Output Artifacts (Contract)¶
This page defines the on-disk artifact contract sdmxflow produces: file names, semantics, and how to use them in a warehouse ingestion workflow.
Artifact Contract (stable) Given an
out_dir,sdmxflowwrites:
dataset.csv(append-only facts; first columnlast_updated)metadata.json(metadata history + operational fields)codelists/(reference tables withcode,name)Optional:
logs/whensave_logs=True.
Directory layout¶
<out_dir>/
dataset.csv
metadata.json
codelists/
<CODELIST_ID>.csv
logs/ # only when save_logs=True
<agency>__<dataset>__<timestamp>.log
dataset.csv¶
Schema¶
dataset.csv is the provider dataset schema with one additional leading column:
last_updated(string, UTC ISO-8601, e.g.2026-03-03T00:00:00Z)

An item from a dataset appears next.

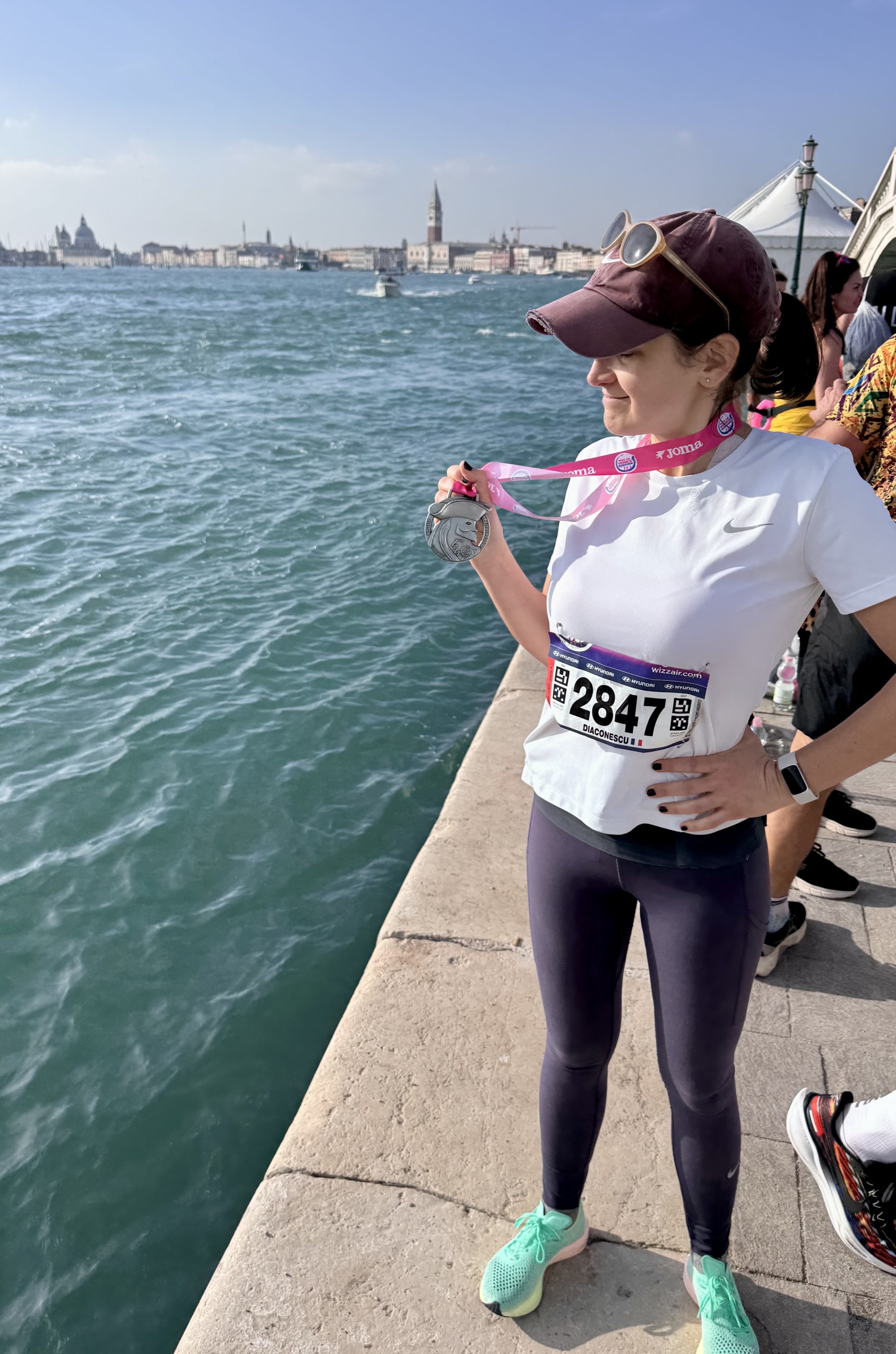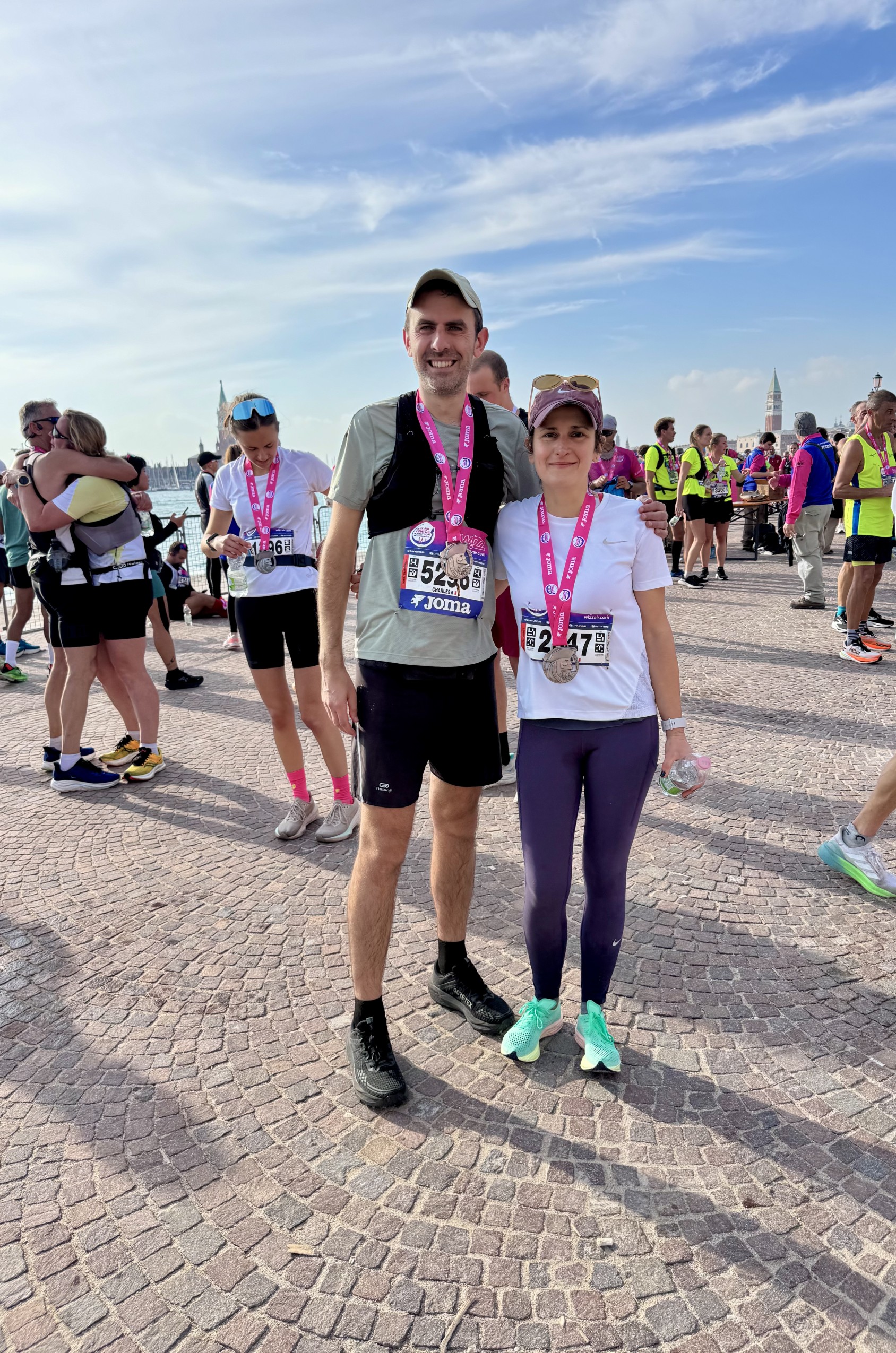 Km 10, Mira. Les cohortes se raréfient petit à petit. On longe le canal de la Brenta, avec ses villas palladiennes, des fanfares, des enfants qui tendent les mains pour faire des checks. Les « Forza ! Bravo ! Sempre duri ! » surgissent de partout. Les groupes de musique font vibrer l’asphalte. Des sourires, des décibels et des foulées déphasées de cette légion de coureurs. Portée par l’euphorie collective, j’ai l’impression d’être légère. Je ne cours pas. Je flotte sur une vague qui glisse tout seule vers la lagune.
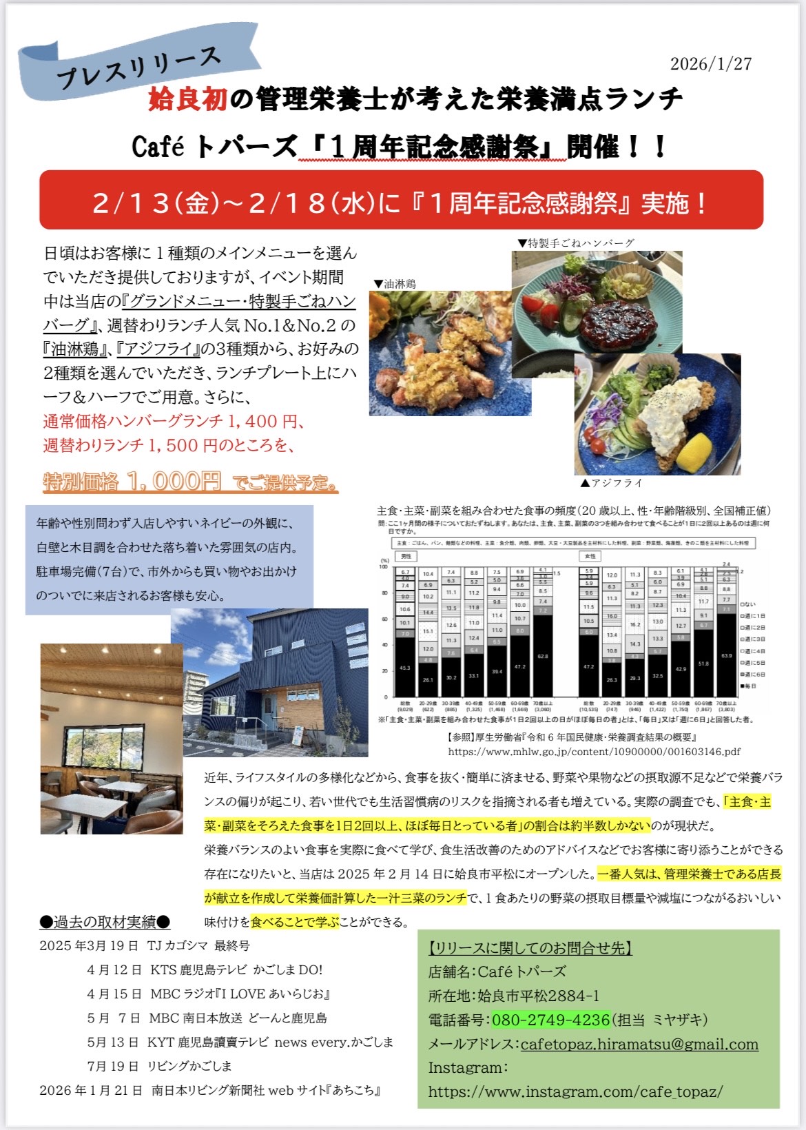 1周年を迎えるため、お客様や地域の皆様に感謝の気持ちを伝えるため、2月13日~2月18日に1周年限定の特別なランチをご用意いたします。

All remaining columns are provider-defined and depend on the dataset.
Important
sdmxflowdoes not deduplicate across versions. When a new upstream version is appended, it appends the full downloaded slice tagged with that version’slast_updated.
Example rows¶
Example (illustrative — provider columns vary):
last_updated,geo,sex,time_period,value
2026-03-01T00:00:00Z,DE,M,2024-12,123.4
2026-03-01T00:00:00Z,DE,F,2024-12,120.1
2026-02-01T00:00:00Z,DE,M,2024-11,122.9
Append behavior¶
- On the first successful fetch,
dataset.csvis created with a header. - On later fetches,
sdmxflowappends rows only when the upstreamlast_updatedtimestamp changed. - If the provider changes the CSV header (column names or ordering), append fails with a schema/metadata error instead of producing a corrupted mixed-schema history.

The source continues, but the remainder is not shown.